Eyes wide, I rotated in my seat as he threw the truck in park. “You want to…help me find a publisher?”

“Hell yeah,” he said, that heartbreaker’s smile reminding me I was already in so much deeper than I’d ever meant to be. Shifting my gaze from the heartthrob in front of me, to the progress on the property, I let my thoughts wander as my heart scaled the walls of my throat.

The Rhodes home was fully erected now, the future landscape beds carved out and windows installed. Green grass was coloring in the expanse of the once mostly muddy ground. Rhyett’s beautiful deck was finished, save for the boxes of lights sitting on the edge of the hot tub surround. He’d stained it a few days back, giving it that shiny finished look I just knew his mother would love.

He loved her, and his sisters too. Rhyett seemed to possess a sincere love for his entire, enormous family. When I was little, my father had once told me to watch how a man treated the women in his life when it came time to select suitors. He’d been right: you could tell a lot about a man by studying his interactions with sisters and cousins and the respect, or lack thereof, for his mother. I didn’t need to see Rhyett with them to know how deeply he cared for them.

The evidence was everywhere. Him uprooting his life to come oversee the erection of a project thousands of miles away, in the magazine-worthy design of a backyard space big enough to accommodate them all. He’d even thought ahead to summer and engineered a way to screen in the space so the bugs didn’t eat them alive. His face lit up when he talked about his sisters. Hell, I knew some of their favorite colors, their dietary preferences, their college majors. And I’d yet to see one of them, digitally or physically.

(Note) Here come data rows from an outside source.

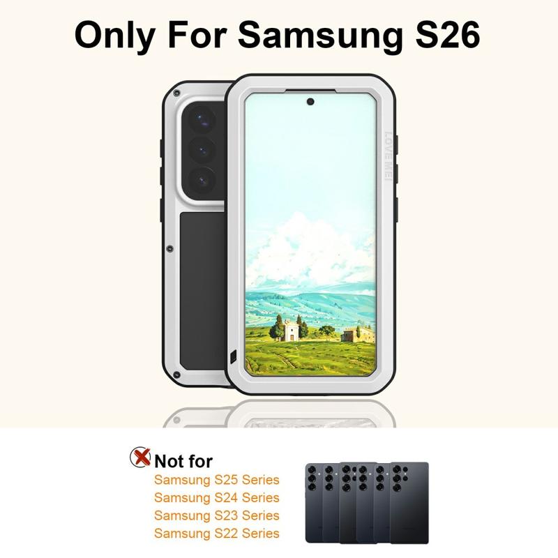 • Love Mei Powerful Hybrid Case for Samsung Galaxy S26 - Heavy-Duty Metal & Silicone Shockproof Protective Cover
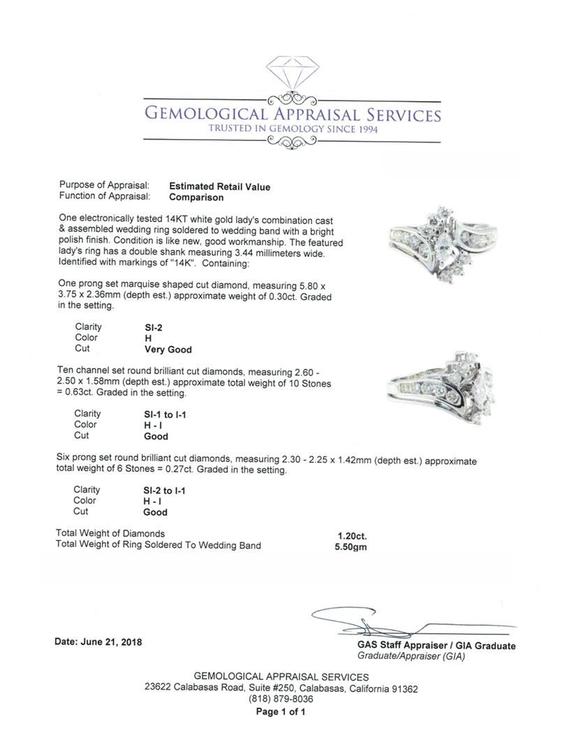 One electronically tested 14KT white gold lady's combination cast & assembled wedding ring soldered to wedding band with a bright polish finish. The featured lady's ring has a double shank measuring 3.44 millimeters wide. Identified with markings of '14K'. Condition is like new, good workmanship. Containing: One prong set marquise shaped cut diamond, measuring 5.80 x 3.75 x 2.36mm (depth est.) approximate weight of 0.30ct. Graded in the setting. Color H Clarity SI-2 Cut Very Good Ten channel set round brilliant cut diamonds, measuring 2.60 - 2.50 x 1.58mm (depth est.) approximate total weight of 10 Stones = 0.63ct. Graded in the setting. Color H - I Clarity SI-1 to I-1 Cut Good Six prong set round brilliant cut diamonds, measuring 2.30 - 2.25 x 1.42mm (depth est.) approximate total weight of 6 Stones = 0.27ct. Graded in the setting. Color H - I Clarity SI-2 to I-1 Cut Good. Total Weight of Diamonds 1.20ct. Total Weight of Ring Soldered To Wedding Band 5.50gm. GAS Appraised.
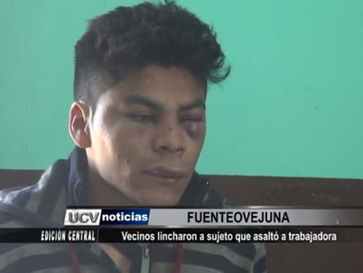 Los vecinos de la quinta etapa de la urbanización Santa María capturaron y lincharon a un maleante, quien junto a otro sujeto asaltó a una trabajadora del hogar. El sujeto está con el rostro desfigurado.
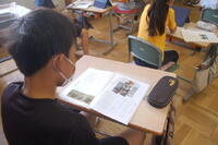 5年生は、「わり算」の筆算の方法について、一人一人がまとめていました。習得したことを活用して自分の言葉でまとめる取組は、学習内容の定着を図るために有効です。子供たちは、熱心に取り組んでいました。そして、自分でまとめた内容をタブレット型端末で撮影し、Meta Mojiにアップロードしていました。それをクラス内で共有することで協働的な学びとなりました。友達がまとめたものと自分のものを比較したり、友達のまとめの「よさ」を取り入れたりすることで、さらに学習の定着を図ることができるとともに、次の学習や取組に生かすことができます。
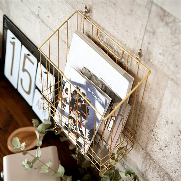 ゴールドワイヤー製 スクエアバスケット
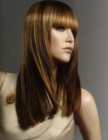 Stilvolle Haarschnitte mit Pony für langes Haar - Foto
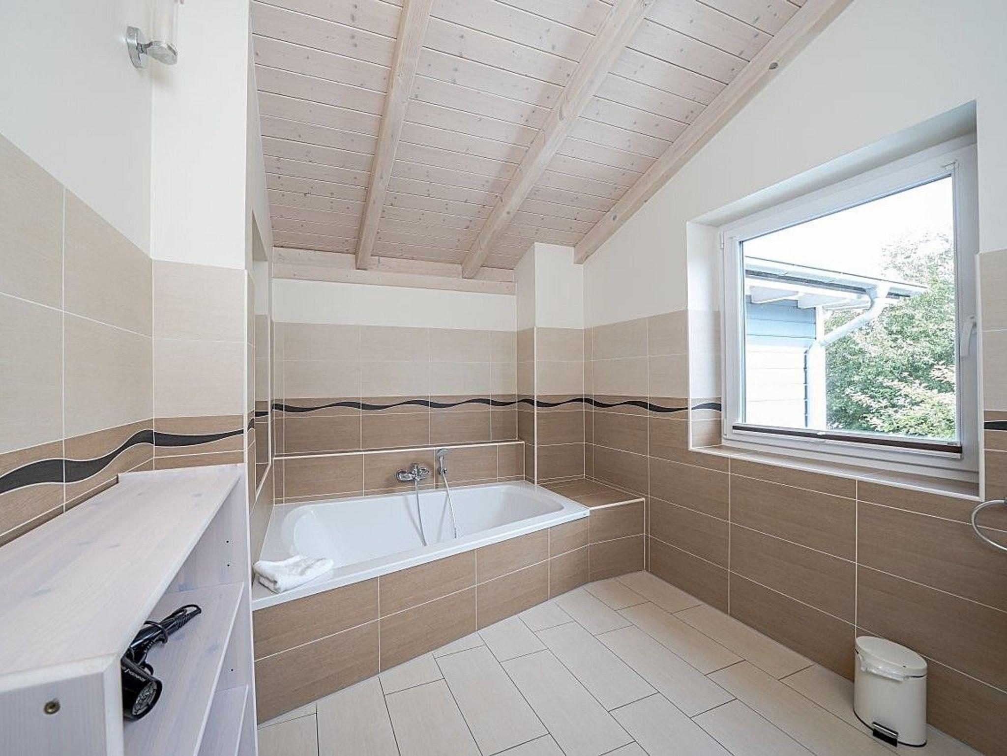 Im Obergeschoss sorgt ein großzügiger Wellnessbereich mit Sauna und einer XXL-Badewanne für zwei Personen für entspannte Stunden. Zwei weitere Schlafzimmer und ein zusätzliches Bad bieten zusätzlichen Komfort.
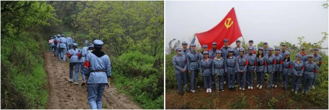 重走长征路,追寻红军足迹,恰逢雨后,山路泥泞难行,同学们互相帮助鼓励,努力感悟和体味红军长征路上的艰难险阻以及红军战士顽强的信念意志。忆苦思甜,坚定的是大家不断前行的决心。
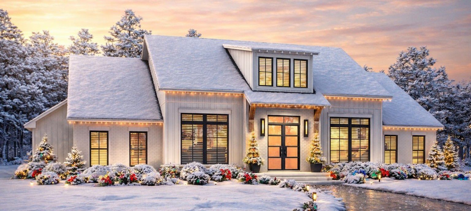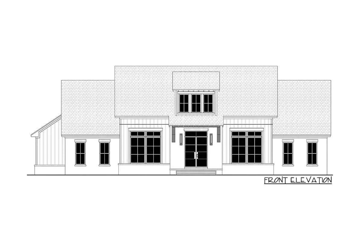 The exterior reads clean and confident: modern farmhouse charm with a slightly more refined, “grown-up” vibe. The proportions are nicely balanced, and the footprint feels substantial without looking bulky. At approximately 76′ 0″ wide by 85′ 4″ deep, it’s sized to feel impressive while still fitting comfortably on many suburban or semi-rural lots.
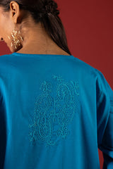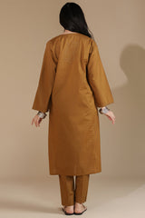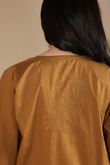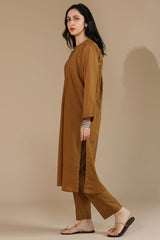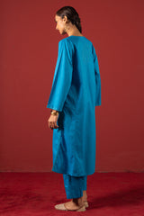 Self-embroidered classic fit paneled kurta with a round neckline and V-slit. Paired with classic straight-fit trousers.
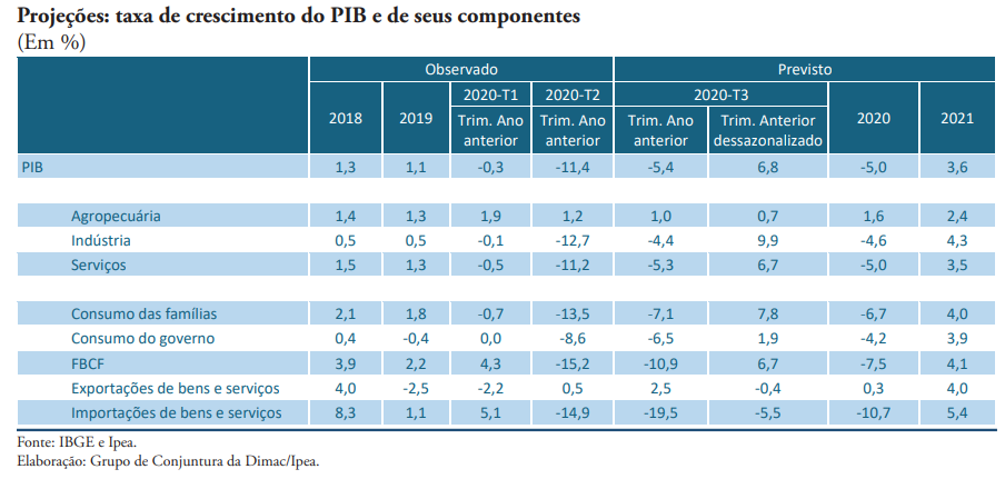 O IPEA divulgou um estudo bastante completo sobre o desempenho da economia brasileira nos últimos anos, e com projeção para 2020 e 2021.
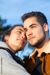 Bright image of couple of hikers in autumn. Man and woman in casual clothes. Nature, activity, hobby concept
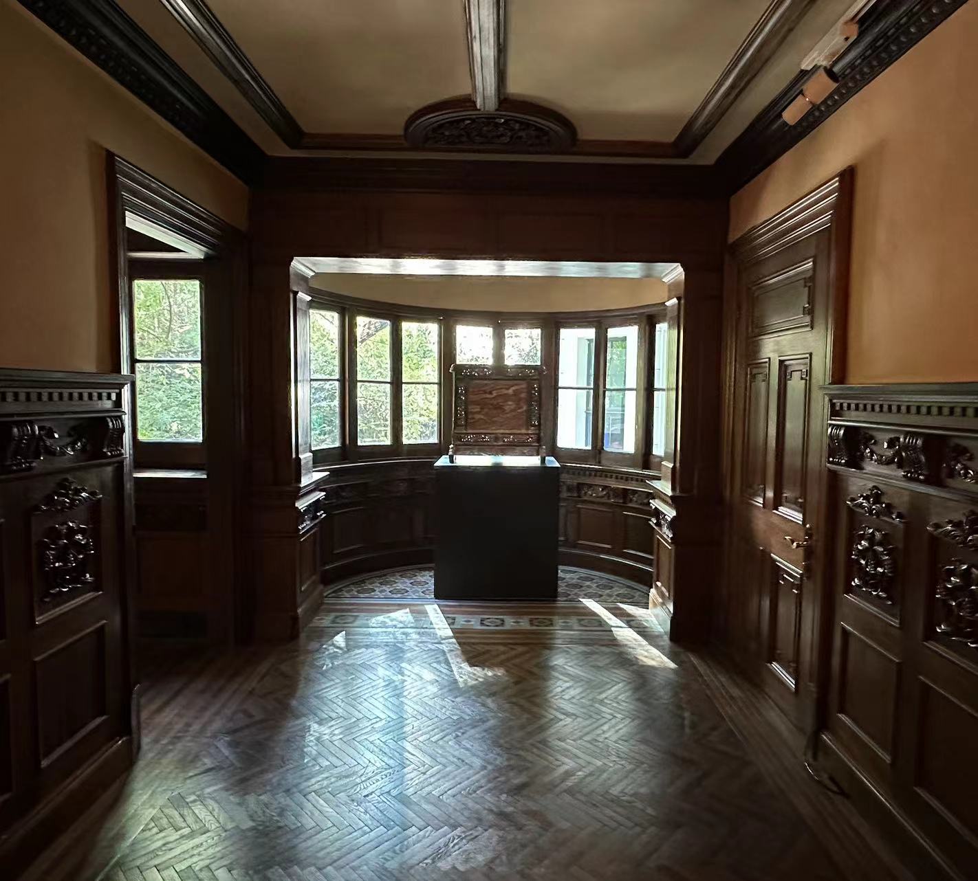 在上海荣宅不同的房间中,“屏风”以各种形式撞入视野之中。在二楼两间相通的房间,呈现了17世纪和18世纪的两件中国屏风,其中一件摆在书桌上的小型立式屏风窗外上海秋日的风景和室内旧时上海的装饰形成对话。明末清初的嵌石插屏是展览中年代最为久远的作品。这种单扇竖屏屏风也是两千多年以来中国最常见的屏风形式。

Don’t even get me started on the sex—I couldn’t keep up with the man, his need to feast on my body more than I could bear some nights. Is over-orgasming a thing? Because if it is, Rhyett certainly served it in heaps, leaving me breathless, a little lightheaded, and a bit dumb. He could get me to agree to just about anything in that post-coitus bliss.

Compared to my chaotic upbringing, his steady presence was so alien, I wasn’t sure how to describe it. Rhyett kept his hands busy—an achiever like me. But he knew how to prioritize his time to make me feel seen and read me like a book. Saw me in a way nobody else ever did. Right down to the overwhelm of thinking about publishing. It should be comforting. But something in his rock-solid permanence scared me. Watching him play with Kyler and Gemma made my chest tighten, expectation bickering with my inner bitch, who screamed that it was all too good to be real.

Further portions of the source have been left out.